START Input data

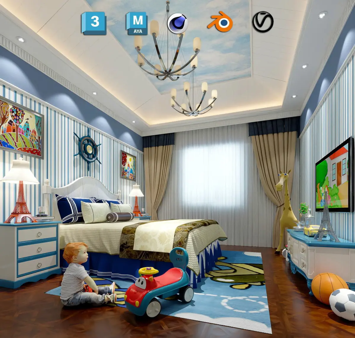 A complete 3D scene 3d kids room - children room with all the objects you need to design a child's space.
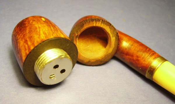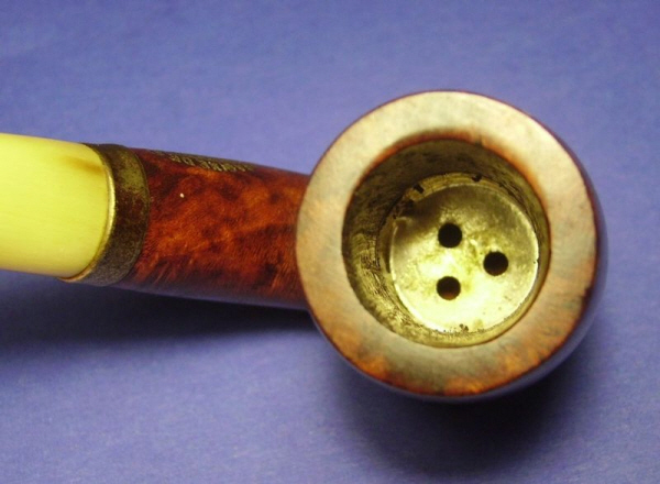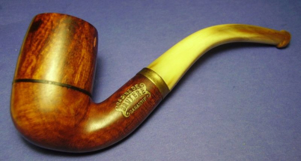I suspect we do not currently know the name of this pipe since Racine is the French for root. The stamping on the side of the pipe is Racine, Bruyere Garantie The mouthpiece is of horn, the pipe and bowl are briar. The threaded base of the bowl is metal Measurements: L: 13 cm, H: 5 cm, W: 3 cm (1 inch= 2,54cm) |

END Input data
START Input data

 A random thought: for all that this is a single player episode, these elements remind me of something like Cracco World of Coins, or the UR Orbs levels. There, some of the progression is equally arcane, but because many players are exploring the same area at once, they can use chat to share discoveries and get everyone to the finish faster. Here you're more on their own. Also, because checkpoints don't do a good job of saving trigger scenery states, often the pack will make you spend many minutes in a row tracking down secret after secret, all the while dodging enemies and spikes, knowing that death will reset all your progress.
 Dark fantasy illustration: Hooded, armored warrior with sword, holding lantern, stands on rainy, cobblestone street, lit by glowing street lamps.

END Input data

# [What you are asked to do]
Here the job is to copy the stretch of records from the line containing "A complete 3D" through the line containing "I suspect we", word for word. Leave every picture out.

# [Your solution]
 A complete 3D scene 3d kids room - children room with all the objects you need to design a child's space.
I suspect we do not currently know the name of this pipe since Racine is the French for root. The stamping on the side of the pipe is Racine, Bruyere Garantie The mouthpiece is of horn, the pipe and bowl are briar. The threaded base of the bowl is metal Measurements: L: 13 cm, H: 5 cm, W: 3 cm (1 inch= 2,54cm) |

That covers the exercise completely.